Stabbing victim's mother attacks hostels 'danger'

Steve Boggan
Thursday 15 September 1994 23:02 BST
Comments

THE mother of a woman stabbed to death by a schizophrenic patient rejected the call for more hostels yesterday and urged the Government to provide extra hospitals for the mentally ill, writes Steve Boggan.

Sandra Sullivan, whose daughter Katie, 23, was a voluntary worker at a hostel, said the killing had exposed a dangerous lack of communication and accountability between psychiatrists and social workers that could lead to more attacks.

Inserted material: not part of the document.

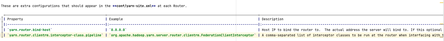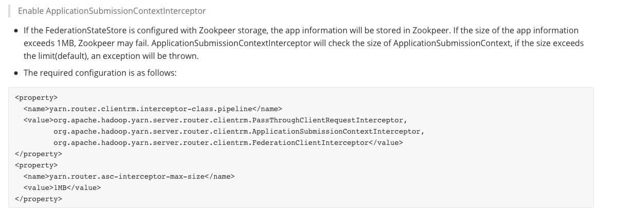########## hadoop-yarn-project/hadoop-yarn/hadoop-yarn-server/hadoop-yarn-server-router/src/test/java/org/apache/hadoop/yarn/server/router/clientrm/TestApplicationSubmissionContextInterceptor.java: ########## @@ -0,0 +1,160 @@ +/** + * Licensed to the Apache Software Foundation (ASF) under one + * or more contributor license agreements. See the NOTICE file + * distributed with this work for additional information + * regarding copyright ownership. The ASF licenses this file + * to you under the Apache License, Version 2.0 (the + * "License"); you may not use this file except in compliance + * with the License. You may obtain a copy of the License at + * + * http://www.apache.org/licenses/LICENSE-2.0 + * + * Unless required by applicable law or agreed to in writing, software + * distributed under the License is distributed on an "AS IS" BASIS, + * WITHOUT WARRANTIES OR CONDITIONS OF ANY KIND, either express or implied. + * See the License for the specific language governing permissions and + * limitations under the License. + */ + +package org.apache.hadoop.yarn.server.router.clientrm; + +import java.nio.ByteBuffer; +import java.util.ArrayList; +import java.util.HashMap; +import java.util.List; +import java.util.Map; + +import org.apache.hadoop.conf.Configuration; +import org.apache.hadoop.test.LambdaTestUtils; +import org.apache.hadoop.yarn.api.protocolrecords.SubmitApplicationRequest; +import org.apache.hadoop.yarn.api.records.ApplicationAccessType; +import org.apache.hadoop.yarn.api.records.ApplicationId; +import org.apache.hadoop.yarn.api.records.ApplicationSubmissionContext; +import org.apache.hadoop.yarn.api.records.ContainerLaunchContext; +import org.apache.hadoop.yarn.api.records.LocalResource; +import org.apache.hadoop.yarn.api.records.LocalResourceType; +import org.apache.hadoop.yarn.api.records.LocalResourceVisibility; +import org.apache.hadoop.yarn.api.records.Priority; +import org.apache.hadoop.yarn.api.records.Resource; +import org.apache.hadoop.yarn.api.records.URL; +import org.apache.hadoop.yarn.api.records.impl.pb.ApplicationSubmissionContextPBImpl; +import org.apache.hadoop.yarn.conf.YarnConfiguration; +import org.apache.hadoop.yarn.exceptions.YarnException; +import org.apache.hadoop.yarn.server.router.RouterServerUtil; +import org.junit.Test; + +/** + * Extends the {@code BaseRouterClientRMTest} and overrides methods in order to + * use the {@code RouterClientRMService} pipeline test cases for testing the + * {@code ApplicationSubmissionContextInterceptor} class. The tests for + * {@code RouterClientRMService} has been written cleverly so that it can be + * reused to validate different request interceptor chains. + */ +public class TestApplicationSubmissionContextInterceptor extends BaseRouterClientRMTest { + + @Override + protected YarnConfiguration createConfiguration() { + YarnConfiguration conf = new YarnConfiguration(); + String mockPassThroughInterceptorClass = + PassThroughClientRequestInterceptor.class.getName(); + + // Create a request interceptor pipeline for testing. The last one in the + // chain is the application submission context interceptor that checks + // for exceeded submission context size + // The others in the chain will simply forward it to the next one in the + // chain + conf.set(YarnConfiguration.ROUTER_CLIENTRM_INTERCEPTOR_CLASS_PIPELINE, Review Comment: When adding documentation, I found an issue: the markdown table is not readable, I will align the table. > before improvement  > after improvement   -- This is an automated message from the Apache Git Service. To respond to the message, please log on to GitHub and use the URL above to go to the specific comment. To unsubscribe, e-mail: [email protected] For queries about this service, please contact Infrastructure at: [email protected] --------------------------------------------------------------------- To unsubscribe, e-mail: [email protected] For additional commands, e-mail: [email protected]

Katie, a psychology graduate, was stabbed 14 times by Erhi Inweh, 22, in October 1992. Inweh, who is now being treated at Broadmoor hospital, was a resident of a hostel run by the mental health charity Mind in Kingston upon Thames, south-west London.

Patients with a history of violence should not be accepted by such hostels, but no one had told staff or Inweh's social worker that she had tried to kill someone once before. She believed that Katie was the anti-Christ and attacked her with a carving knife.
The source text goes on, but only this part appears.